2024年11月10日 聖霊降臨後第25主日(B年)

 

司祭 アンデレ 松山健作

すべてを神に委ねる「やもめ」【マルコによる福音書12章38−44節】

 マルコによる福音書12章38以下では、やもめを食い尽くす律法学者と生活のすべてを投げる「やもめ」の姿が対比されています。二つの生き方が対比されるわけですが、それについて賽銭箱の向かいに座っているイエスさま一行がいます。イエスさま一行は、誰がいくら投じるかを見ていたのではなく、生活のすべてを神に委ねている人を探すために観察していたのかもしれません。
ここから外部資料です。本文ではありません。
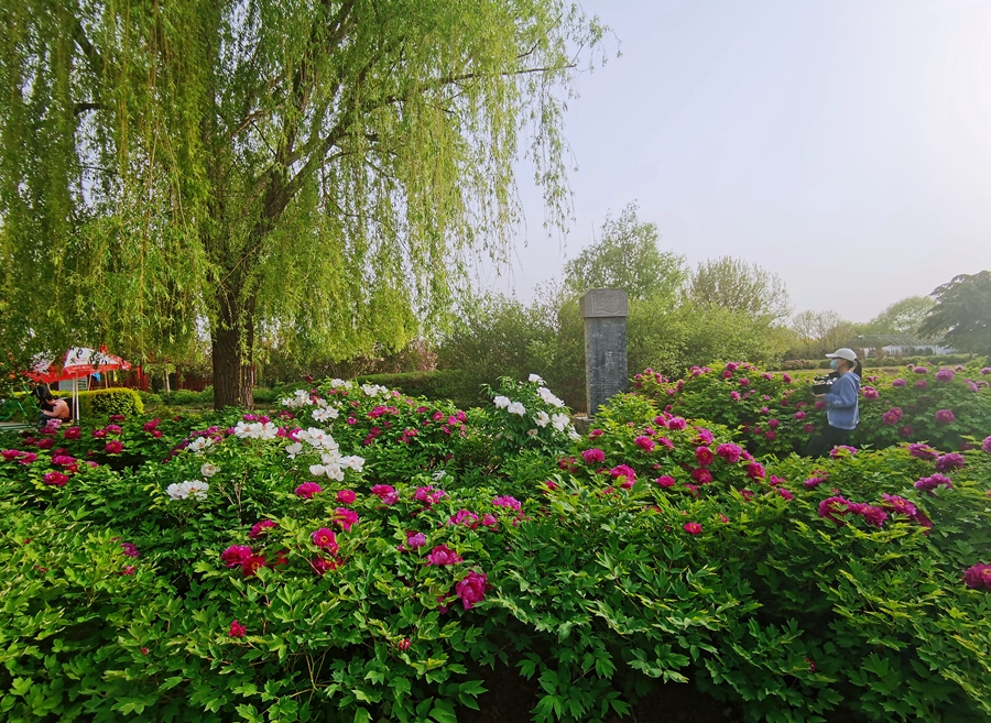 Photo taken on April 11, 2023 shows blooming peony flowers in a sketching area in Pingle village, Mengjin district, Luoyang city, central China's Henan Province. (People's Daily Online/Du Mingming) |

その中でイエスさまの目にとまったのが、自らの生活のすべてを投じる貧しいやもめの姿でした。
 旧約聖書は、このような「やもめ」に対して社会的救済を呼びかけています。「寡婦や孤児はすべて苦しめてはならない。もし、あなたが彼を苦しめ、彼がわたしに向かって叫ぶ場合は、わたしは必ずその叫びを聞く。」(出エジプト記22章21−22節)けれども、律法学者のふるまいを見ますと、この呼びかけは守られていなかったことがわかります。さらには、その救済の必要な貧しい「やもめ」を食い物にしていました。
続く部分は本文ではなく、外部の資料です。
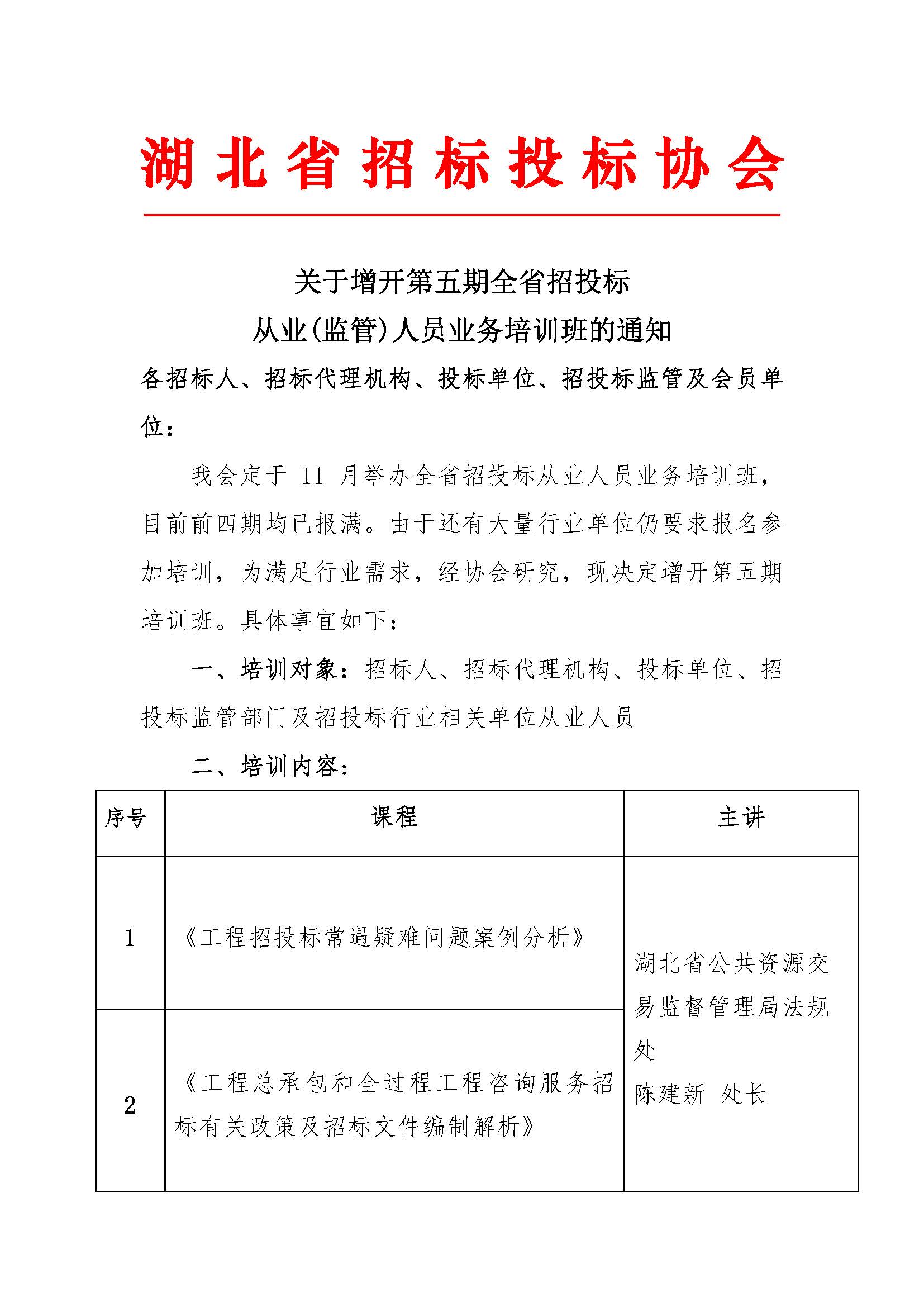 關(guān)于增開第五期全省招投標(biāo)從業(yè)(監(jiān)管)人員業(yè)務(wù)培訓(xùn)班的通知

 「やもめ」とは、当時の社会において「夫」という生活の基盤を奪われた女性を指します。社会的弱者の代表として聖書では登場し、手厚い保護を必要とします。旧約聖書では、そのような社会的弱者への救済という特別な配慮が呼びかけられていましたが、それを指導する律法学者は自分たちの欲にまみれ、神を神とも思わない生き方をしていました。
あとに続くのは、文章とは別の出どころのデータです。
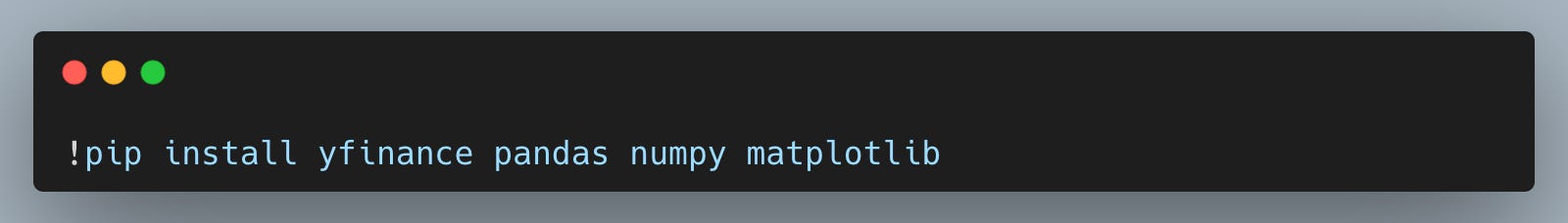 If you are running in a locked-down environment (some corporate JupyterHub setups), you may need to ask for yfinance to be whitelisted or installed via your platformâs package manager instead of pip.

 この状況は、2000年前のユダヤ社会だけにとどまらず、私たちの生きる日本社会においても、権力と富のあるところに力が集中し収奪が起こり、欲望のままに生きる為政者の姿に共通しているかもしれません。一方で、貧しく、困窮した状況の社会的弱者はすべてのものを奪われ、抑圧されたままの構造が継続されています。
 しかし、イエスさま、またその弟子たちは、人の力にもはや頼れなくなった「やもめ」に目を注ぎます。すべてを神に委ねるしかなくなった「やもめ」を無視しないのです。イエスさまとは、そのような社会における低みに目を向け働かれる神です。私たちもすべてを委ねる「やもめ」の信仰にならいつつ、またイエスさまが働かれる場に参与する弟子として、この世に遣わされますように。